## [LISTED RECORDS]
━━━

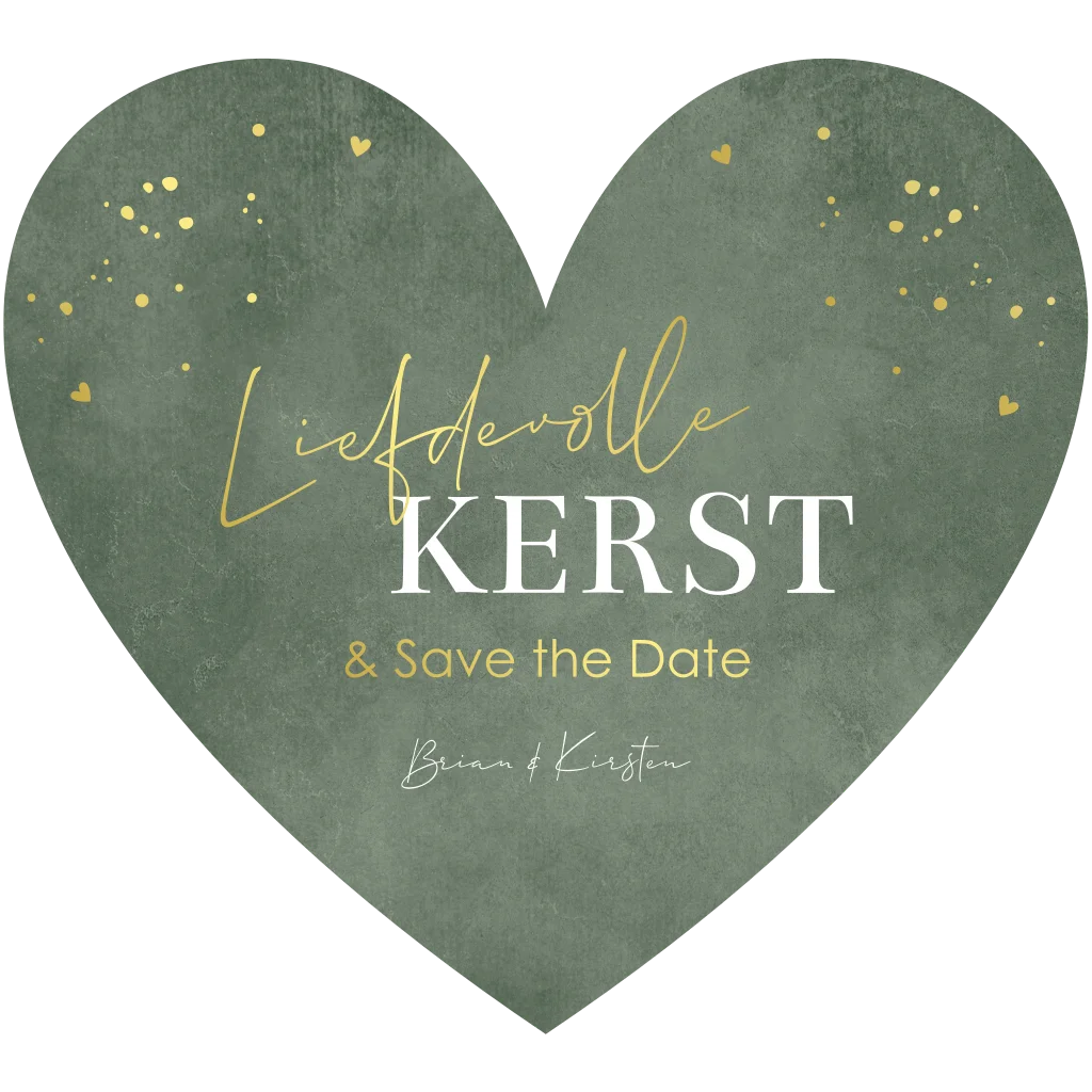 Mooie originele Save the Date kerstkaart in de vorm van een hartje groen met goudfolie.
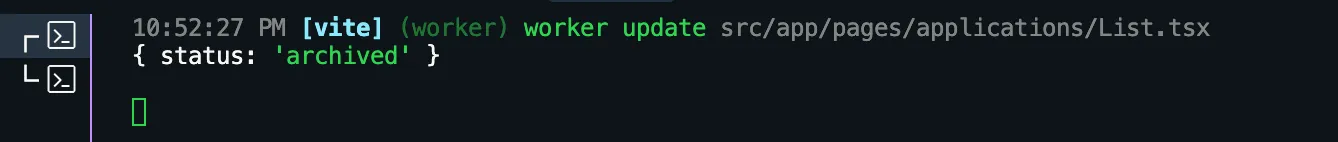 You can test this in the browser, by clicking on the Archive button. You should see the URL change to include /applications?status=archived and the entry applications table should be empty.
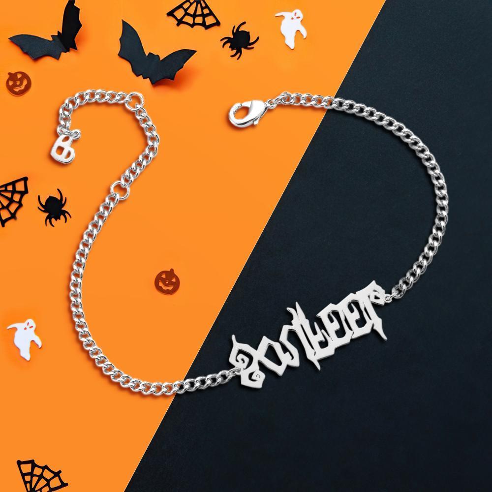 50% OFFPulseira com Nome Pulseira Personalizada Presentes de Halloween Design Especial Prata Banhada a Ouro 14k -
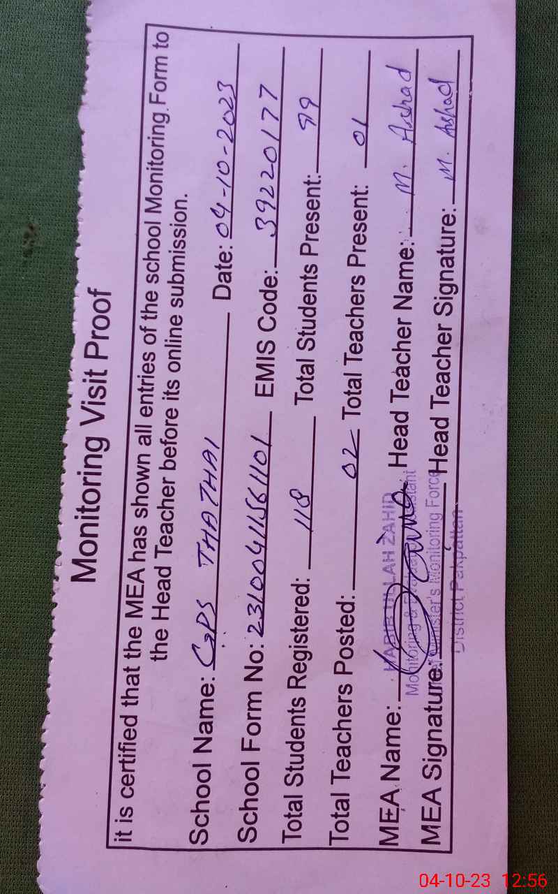 | EMIS Code: 39220177 | Name of School: GPS THATHAI P/O SAME TEH ARIF WALA | |||
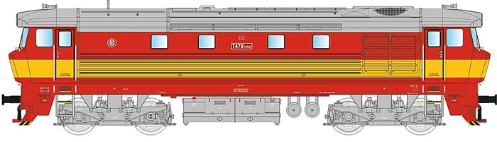| dieselová lokomotiva červená s výstražným pruhem, šedá střecha |
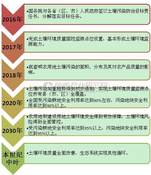 “土十條”對今后一個時期我國土壤污染防治工作做出了全面戰(zhàn)略部署,明確定下了未來兩個五年計劃的目標:到2020年,全國受污染耕地安全利用率達到90%左右,污染地塊安全利用率達到90%以上。到2030年,受污染耕地安全利用率達到95%以上,污染地塊安全利用率達到95%以上。
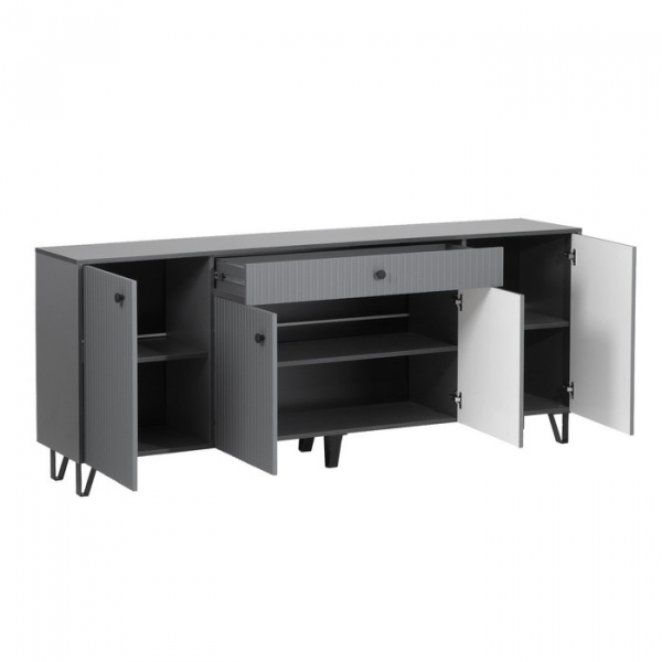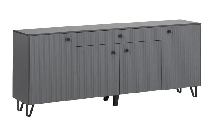 Фасады декорированы стильной резной фрезеровкой.Высокие ножки контрастного черного цвета.Основные достоинства модели

━━━

## [WHAT THE TASK REQUIRES]
Carry over each record above character for character, with the pictures left out.

## [PROBLEM SOLUTION]
 Mooie originele Save the Date kerstkaart in de vorm van een hartje groen met goudfolie.
 You can test this in the browser, by clicking on the Archive button. You should see the URL change to include /applications?status=archived and the entry applications table should be empty.
 50% OFFPulseira com Nome Pulseira Personalizada Presentes de Halloween Design Especial Prata Banhada a Ouro 14k -
 | EMIS Code: 39220177 | Name of School: GPS THATHAI P/O SAME TEH ARIF WALA | |||
| dieselová lokomotiva červená s výstražným pruhem, šedá střecha |
 “土十條”對今后一個時期我國土壤污染防治工作做出了全面戰(zhàn)略部署,明確定下了未來兩個五年計劃的目標:到2020年,全國受污染耕地安全利用率達到90%左右,污染地塊安全利用率達到90%以上。到2030年,受污染耕地安全利用率達到95%以上,污染地塊安全利用率達到95%以上。
 Фасады декорированы стильной резной фрезеровкой.Высокие ножки контрастного черного цвета.Основные достоинства модели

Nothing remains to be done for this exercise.